The stablecoin of leading cryptocurrency exchange Binance, $BUSD, has seen its market capitalization plunge by $2 billion after reports of its past mismanagement surfaced, at a time in which Tether’s $USDT has been seeing its market share of the stablecoin space rise.

According to available data, BUSD’s circulating supply fell to $15.4 billion this week, down $2 billion over the past month. The decline comes after a previous decline seen in December when users started moving funds off of exchanges over fear of a collapse similar to that of FTX.
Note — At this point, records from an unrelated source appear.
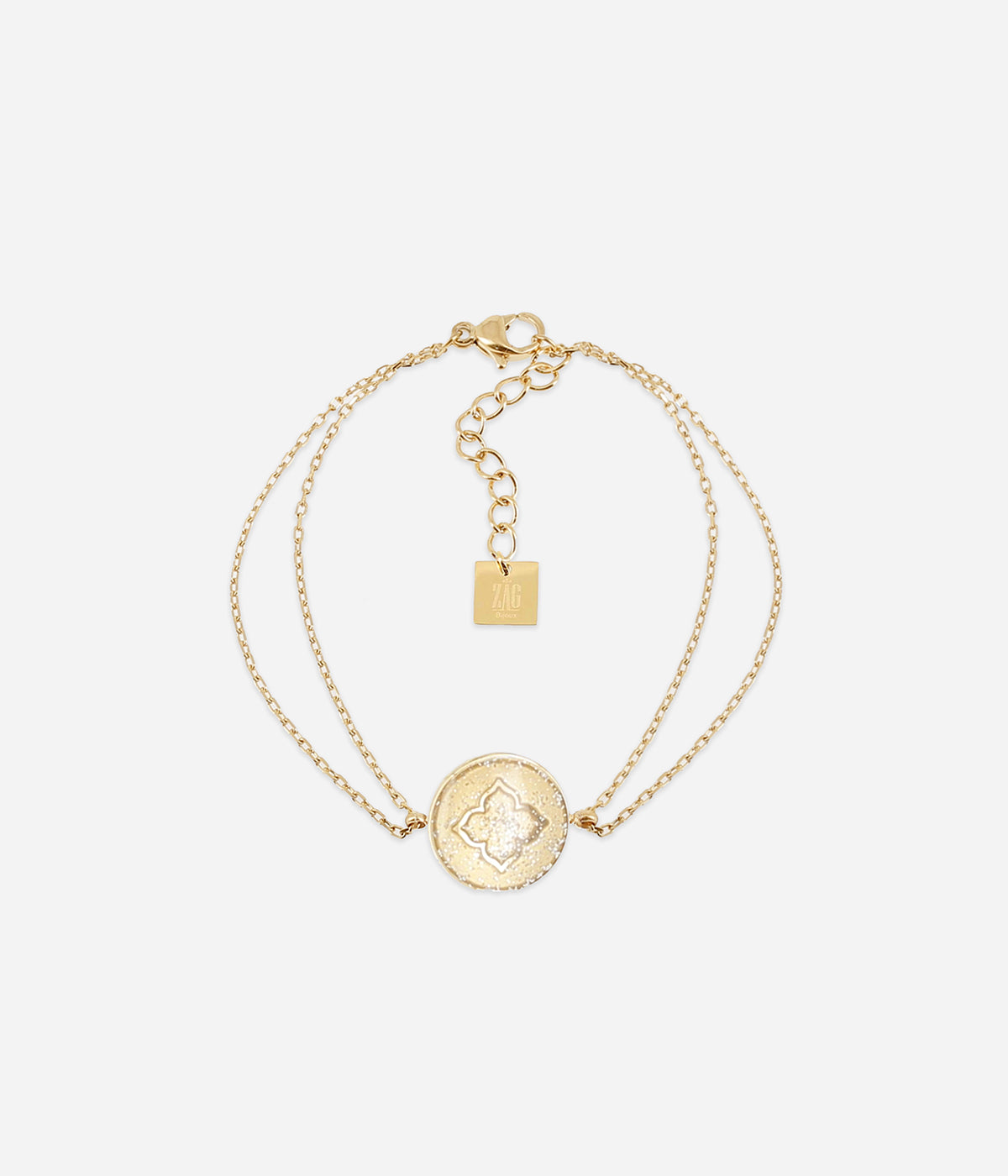 Bracelet en acier doré à l'or fin par ionisation serti d'un pendentif rond à paillettes sur lequel est gravé un lotus représentant le Chakra Racine.
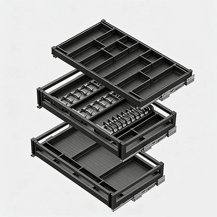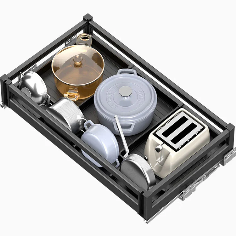 இந்த அலுமினிய அலாய் புல்-அவுட் கூடை ஒரு உட்பொதிக்கப்பட்ட சமையலறை சேமிப்பு வன்பொருள் ஆகும், இது முக்கியமாக உணவுகள், பானைகள் மற்றும் சுவையூட்டிகள் போன்ற சமையலறை பொருட்களின் வகைப்படுத்தப்பட்ட சேமிப்பிற்காக பயன்படுத்தப்படுகிறது. இந்த கிச்சன் கேபினட் டிராயர் நவீன சமையலறைகளுக்கு சிறப்பாக வடிவமைக்கப்பட்ட உட்பொதிக்கப்பட்ட சேமிப்பக தீர்வாகும். ஒரு அடுக்கு வடிவமைப்பு மற்றும் நடைமுறை செயல்பாடுகளை அதன் மையத்தில் கொண்டு, இது அலங்கோலமான உள் சேமிப்பு மற்றும் அலமாரிகளில் குறைந்த இடத்தைப் பயன்படுத்துதல் போன்ற பிரச்சனைகளை எளிதில் தீர்க்கிறது, மேலும் சமையலறை சேமிப்பிற்கு சிறந்த உதவியாளராக உள்ளது.
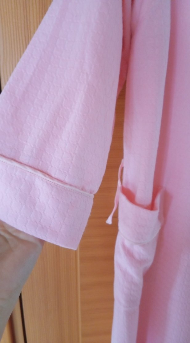 Pastel pembe renkte, uzun boylu, bol kesim ve uzun kollu, desensiz bohem tarzda kadın sabahlık. Ön cep detayına sahiptir.

Notably, Binance has earlier this month acknowledged past problems in the management of the reserves used to back the stablecoin on the BNB Chain, which at times led to more than $1 billion being missing in collateral. A Binance spokesperson has said that the process of maintaining the backing has since been improved “with enhanced discrepancy checks to ensure it’s always backed 1-1.”

Data compiled by Jonathan Reiter, co-founder of blockchain analytics firm ChainArgos, suggests BUSD was often undercollateralized between 2020 and 2021. On three occasions, the gap surpassed $1 billion. Reid’s analysis suggests that when minting Binance-peg BUSD, on the BNB Chain, new tokens were minted without the equivalent BUSD issued by Paxos on Ethereum being locked up.

Meanwhile, CryptoCompare’s stablecoins report reveals that the top 10 stablecoins have remained unchanged in position, while Tether’s $USDT saw its market capitalization rise 0.82% to $66.7 billion in January, increasing its dominance in market share to 48.7%, the highest since October 2021.

Source: CryptoCompare

The report notes that Centre Consortium’s $USDC, Binance’s $BUSD, and Gemini Dollar ($BUSD) all saw a decline over the past month. Meanwhile, the market capitalization of True USD ($TUSD) and TerraClassicUSD ($USTC) rose 24.5% and 13.1% respectively, with the former surpassing Pax Dollar $USDP in market capitalization.

Per CryptoCompare’s report, the market capitalization of stablecoins fell to $137 billion in January, the lowest it has been since September 2021. This marks the tenth consecutive month of decline. The trading volume of stablecoins has nevertheless exceeded in January that of December, increasing by 9.46% to $397 billion due to increased market volatility.